Коридор внезапно озарился серебристым сиянием, которое в первое мгновение показалось нестерпимо ярким, тесные стены раздвинулись, а грубо отёсанный потолок распался на сотни булыжников, которые почему-то медленно падали вверх. Посреди каменистой равнины стоял человек в сером монашеском балахоне и армейских ботинках, подпоясанный мечом. Он вцепился в ухо какого-то крысоподобного существа, у которого, впрочем, отсутствовал хвост, а задние лапы заканчивались увесистыми копытами.
— Чего пристал?! Я на работе, — вопило существо, стараясь вырваться. — Уйди, а то я буду жаловаться. До самого низа дойду! Ты хоть знаешь, кто меня послал?
— Иди жалуйся. — Незнакомец, никак не реагируя на угрозы, раскрутил своего пленника над головой и зашвырнул вверх, вслед удаляющимся булыжникам. Существо умчалось ввысь, обгоняя камни, и вскоре скрылось из виду.
— Сударыня, между прочим, мне было поручено прикончить вас, если не найдётся другого выхода, — сообщил человек с мечом, в упор глядя на Дину. — К вашему счастью, всё удалось разрешить почти мирным путём.
— Ты кто? — спросила Дина, старательно скрывая, что вот-вот потеряет самообладание.
— Неправильный вопрос, — заметил незнакомец, и его очертания потеряли чёткость. Теперь перед ней стоял призрак, тень, сгусток серого тумана. Только клинок, просвечивая сквозь ножны, мерцал тусклым стальным блеском. — Неважно, кто я. Важно, кто вы, сударыня. Важно, кем вы были ещё минуту назад.
— И кем же?
— Орудием в чужих руках, камнем в праще Нечистого, рабой шёпота Преисподней. Хорошо, что Самаэль прислал по вашу душу такую мелкую сошку, как этот… Исполнительный поганец, но не боец.

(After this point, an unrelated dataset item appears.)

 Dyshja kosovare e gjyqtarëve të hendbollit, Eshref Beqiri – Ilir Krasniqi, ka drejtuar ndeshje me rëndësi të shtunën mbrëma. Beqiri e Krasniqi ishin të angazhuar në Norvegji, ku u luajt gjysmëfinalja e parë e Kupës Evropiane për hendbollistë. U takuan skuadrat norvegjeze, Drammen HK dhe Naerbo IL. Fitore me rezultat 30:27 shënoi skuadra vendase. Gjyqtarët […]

Неосмотрительно с его стороны. — Там, где у размытого силуэта призрака должна была находиться голова, проступили чётко очерченные глаза, но смотрели они как будто сквозь неё, куда-то вдаль. — Пройдёмте, — добавил он тоном городового, задержавшего мелкого хулигана.

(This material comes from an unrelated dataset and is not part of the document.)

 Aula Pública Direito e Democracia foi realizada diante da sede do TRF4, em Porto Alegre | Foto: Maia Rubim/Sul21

Оставалось только поверить в реальность происходящего и подчиниться, тем более что призрак не демонстрировал никакой враждебности. Пройти действительно оставалось всего несколько шагов. Полупрозрачное тело Сквосархотитантхи лежало по центру серебристого светового пятна, и вокруг него клубилась темнота, которая едва заметно расступается при тусклом блеске клинка. Левая ладонь жрицы лежала на чёрном ноздреватом камне размером с кулак.

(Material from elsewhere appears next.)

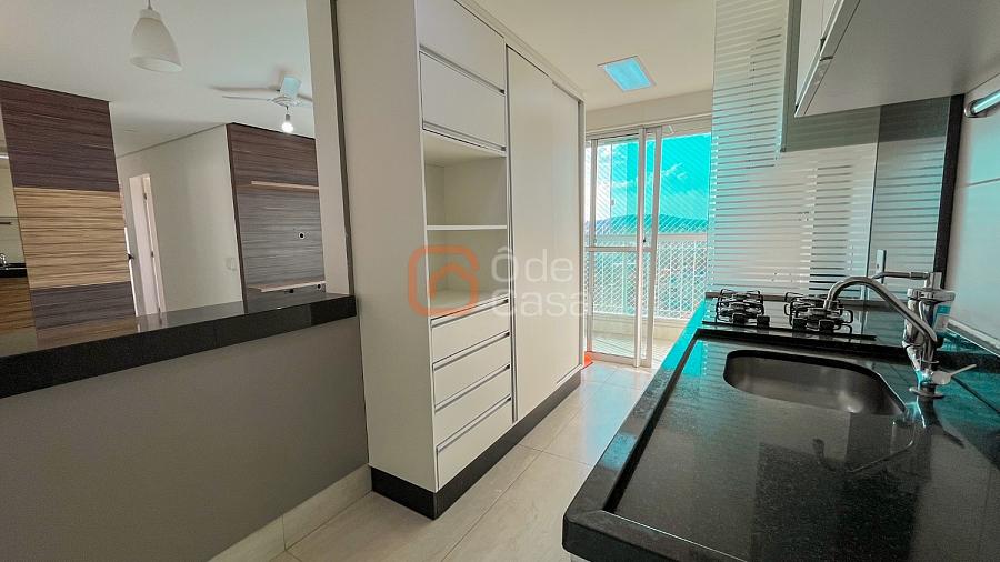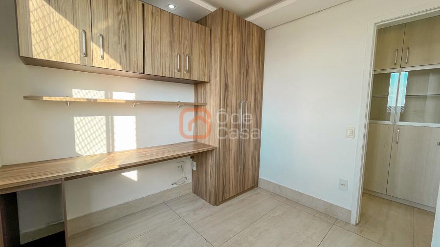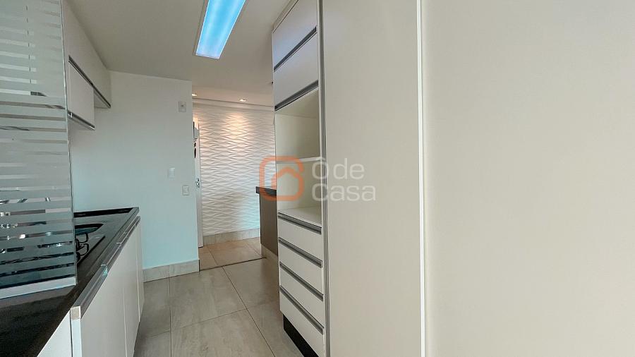 Sala para dois ambientes com painel de TV, espelho, varanda com vista para o pôr do sol com adega, cozinha americana com armário, cooktop e coifa, área de serviço independente. Parte íntima com 3 quartos, sendo 1 suíte, além de banheiro social. Todos os quartos com armários planejados, além de roupeiro no corredor.

«…возьми и уходи…» — всплыли в памяти недавние слова, сказанные чужим голосом, звучащим изнутри. Почему-то теперь она точно знала, что именно она должна была взять, а потом уйти — вот этот самый камень, который сжимают тонкие длинные пальцы вечно юной жрицы.
Дина метнулась к находке, которая показалась вдруг такой желанной, которая, как она внезапно поняла, и была целью её прихода сюда. В вершке от её груди сверкнуло острие клинка. Ещё одно движение, и эта сталь пронзит её насквозь, и завтра, через неделю или через год жрецы вынесут отсюда останки той, которая посмела осквернить своим присутствием это священное место.
— Вы не смогли бы этого сделать, даже если бы я не помешал. — Призрак уже отправил меч обратно в ножны. — Но лучше к нему вообще не прикасаться.
— Что это? — Дина отступила на шаг и спрятала руки за спину, опасаясь, что они снова потянутся к этому странному предмету, который одновременно внушал неосознанный страх и притягивал к себе.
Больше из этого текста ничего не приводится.